Quantifying interpretive contributions to analytical variability in clinical flow cytometry

Abstract

Reproducibility in clinical flow cytometry is essential for diagnosis, longitudinal monitoring, and interlaboratory harmonization, particularly when threshold‐based lymphocyte measurements such as absolute CD4 counts guide clinical management. Although standardization of instruments, reagents, antibody panels, and acquisition protocols has reduced variability at the level of signal generation, variability introduced by human interpretation during manual gating has not been quantitatively separated from biological and technical sources. Here, we applied a two‐stage workflow audit anchored to a fixed, invariant automated analysis used as an analytical reference to quantify interpretive variability in routine clinical TBNK (T‐cell, B‐cell, and natural killer cell) flow cytometry and to assess its impact on CD4 decision‐band classification. Standardized quality‐control materials and 320 consecutive clinical samples, independently analyzed by six technologists on three harmonized cytometers, were used to define an empirical analytical performance envelope (i.e., the expected range of performance) and to evaluate departures from this envelope under routine conditions.
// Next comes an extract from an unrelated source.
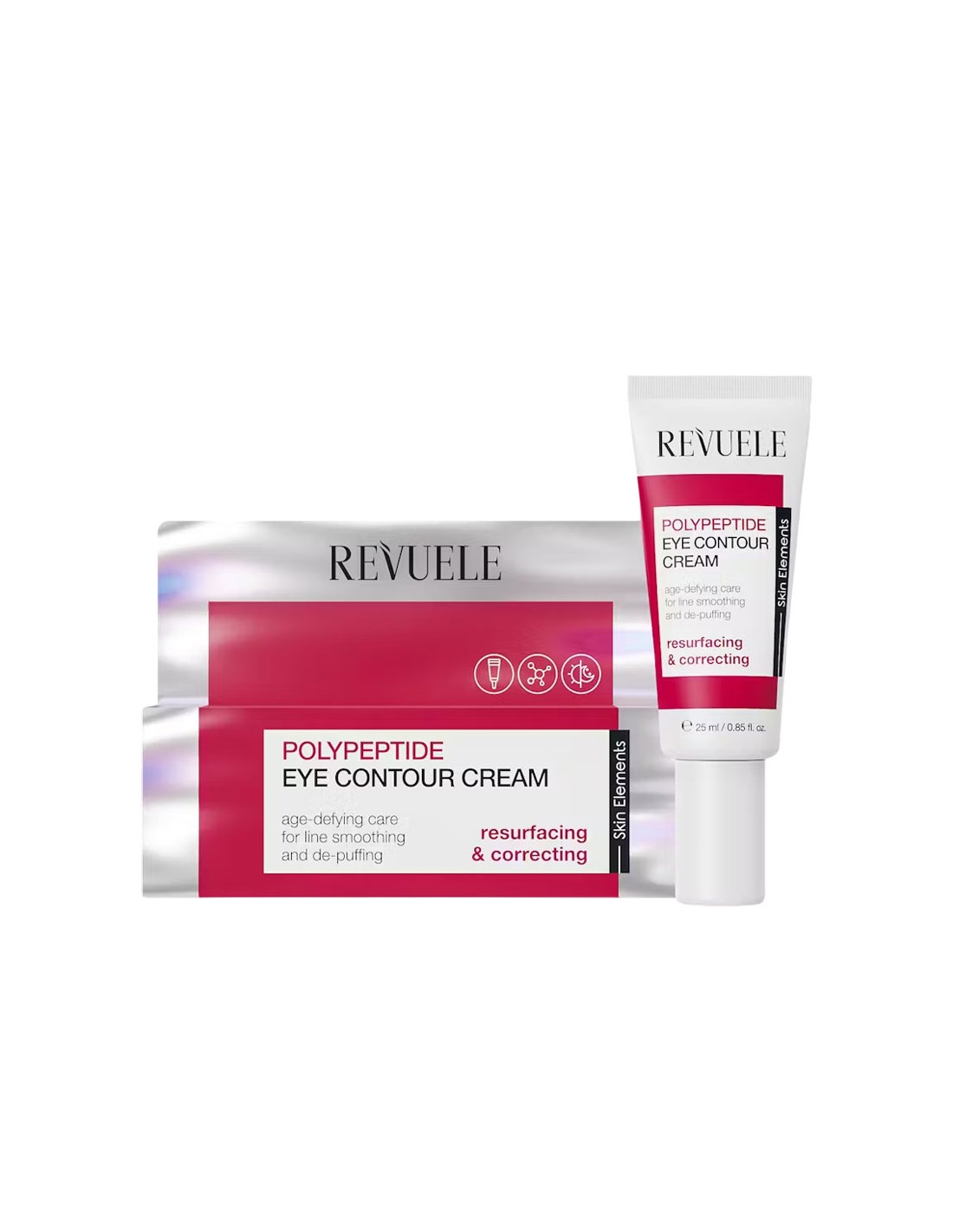 REVUELE POLYPEPTIDE EYE CONTOUR CREAM is a multi-action anti-age product that works to visibly refine the skin texture in the eye area while also targeting puffiness. The formula combines multiple Peptide molecules with Caffeine to actively smoothen fine lines, tone and lift the skin for a visible renewing effect. It helps diminish signs of aging or fatigue, contributing to tighter, more elastic, younger-looking skin.

Under quality‐control conditions, automated–manual differences were stable and interpretable: percentage‐based endpoints showed near‐zero bias with narrow dispersion, absolute counts exhibited small, consistent offsets, and CD4 decision‐band assignment was preserved. In contrast, routine clinical samples showed substantially greater dispersion that was structured primarily by operator identity rather than instrument configuration. Operator‐associated disagreement exceeded instrument‐associated variability, was low dimensional and reproducible, and was concentrated near established CD4 thresholds, yielding discordant but adjacent decision‐band classifications. These findings quantify a previously unmeasured source of analytical variability in routine hematology testing that can affect threshold‐based clinical classification despite acceptable quality‐control performance.